Monday, Aug. 09, 1943

Where is Toad?

Where was Benito Mussolini?

The Badoglio Government, which presumably knew, kept silent. But Europe's rumor factories labored overtime, putting the ex-Duce:

> In the comfortable Villa Torlonia outside Rome.

> In the uncomfortable Braschi Fortress outside Rome.

> In a hotel at Rome.

> In the royal villa at Viareggio on the Gulf of Genoa.

> In a seacoast town not far from the Isle of Elba.

> In Switzerland.

> In Spain.

> In Eire (but that was an English joke).

Benito Mussolini was under arrest and not under arrest; in solitary confinement and under house guard; seized while trying to flee Italy and seized in the Quirinal; held for his own safety and held for delivery to the Allies. If he dreamed of asylum somewhere abroad, President Franklin Roosevelt's warning to neutrals against such asylum shattered the dream.

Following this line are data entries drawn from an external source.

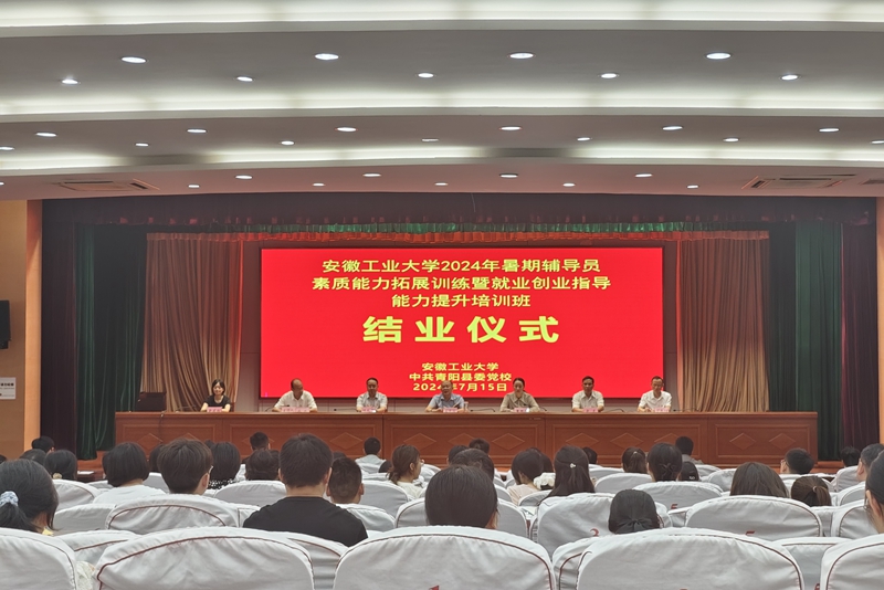 7月15日,beat365官网2024年暑期辅导员素质能力拓展训练暨就业创业指导能力提升培训班结业仪式在青阳县委党校报告厅举行。校党委常委、副校长王先柱,青阳县委常委、统战部部长黄娜娜出席,党委组织部、学生工作部、团委、电气与信息工程学院等单位负责人,各学院分管学生工作副书记、辅导员90余人参加。仪式由青阳县委党校常务副校长韩林主持。
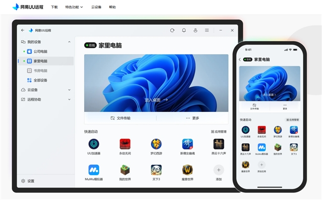 网易UU远程虽出自互联网大厂,但在远程控制领域属于较晚进入者,主打垂直的游戏串流市场。软件支持多设备4K@144Hz远程游戏,兼容Windows、iOS、Android、macOS(被控端内测中)、TV(测试中)等系统。
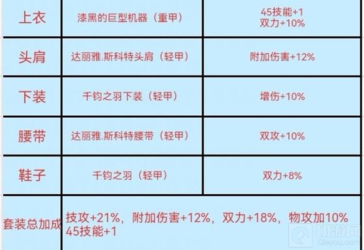 适合剑魂、武神等职业。面板高,附加伤害和增伤效果显著。四件轻甲,本命加成高。
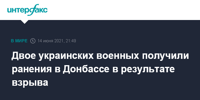 Москва. 14 июня. INTERFAX.RU - Двое военнослужащих Вооруженных сил Украины получили осколочные ранения в результате взрыва неизвестного взрывного устройства в Донбассе, оба госпитализированы, сообщили в Оперативно-тактической группировке (ОТГ) '' Восток ''.
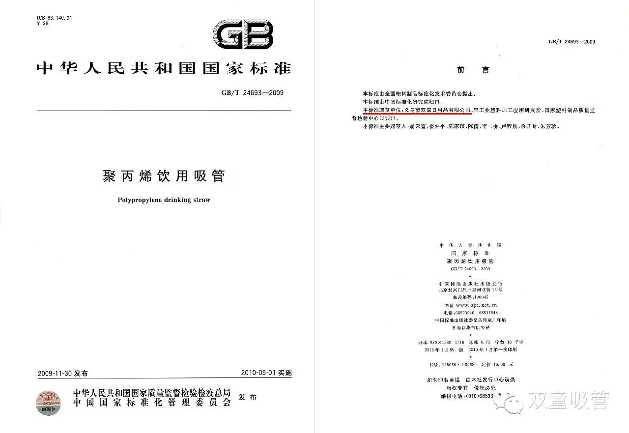 由雙童吸管起草發(fā)布的《聚丙烯飲用吸管》國家標準文件
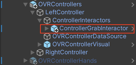 2. 프로젝트에서 HandGrabInteractor를 찾아 ControllerHands > LeftControllerHand > ControllerHandInteractors
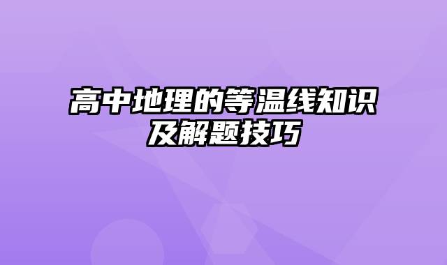 高中地理的等温线知识及解题技巧

Wherever Benito Mussolini was, he passed his 60th birthday there. A deflated Mr. Toad, no longer could he swell visibly and let himself go with uplifted voice before supposedly enraptured audiences. From his ex-colleague Adolf Hitler came an anniversary gift: the works of Friedrich Nietzsche, who had written: "I teach you the Superman. . . . Thou hast made danger thy calling; therein is nothing contemptible." But from his ex-people came only bitter remembrance. Milan's Corriere della Sera called him "an aged corrupter," now as good as buried.